## Directions
Reproduce exactly the lines of the material beneath, from the line that contains "删除工作区时需谨慎,因为其中可能会含有对服务操作产生不利影响的重要数据和配置。 请了解那些将数据存储在 Log" to the line that contains "Schultüte Stoff Meerjungfrau", both included, and no other lines.

:: Exercise material ::

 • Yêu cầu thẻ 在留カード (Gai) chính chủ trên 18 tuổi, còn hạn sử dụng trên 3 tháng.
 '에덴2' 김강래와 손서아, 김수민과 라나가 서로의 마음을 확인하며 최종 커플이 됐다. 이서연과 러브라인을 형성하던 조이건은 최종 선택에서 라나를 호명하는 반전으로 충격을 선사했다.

:::
:: Exercise material ::

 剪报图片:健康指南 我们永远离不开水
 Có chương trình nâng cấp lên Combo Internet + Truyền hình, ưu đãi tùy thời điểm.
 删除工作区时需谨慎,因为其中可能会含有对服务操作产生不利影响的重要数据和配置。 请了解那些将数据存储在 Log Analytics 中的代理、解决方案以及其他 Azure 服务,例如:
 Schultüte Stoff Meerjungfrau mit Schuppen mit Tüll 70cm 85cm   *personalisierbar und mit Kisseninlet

:::

## Response for this exercise
 删除工作区时需谨慎,因为其中可能会含有对服务操作产生不利影响的重要数据和配置。 请了解那些将数据存储在 Log Analytics 中的代理、解决方案以及其他 Azure 服务,例如:
 Schultüte Stoff Meerjungfrau mit Schuppen mit Tüll 70cm 85cm   *personalisierbar und mit Kisseninlet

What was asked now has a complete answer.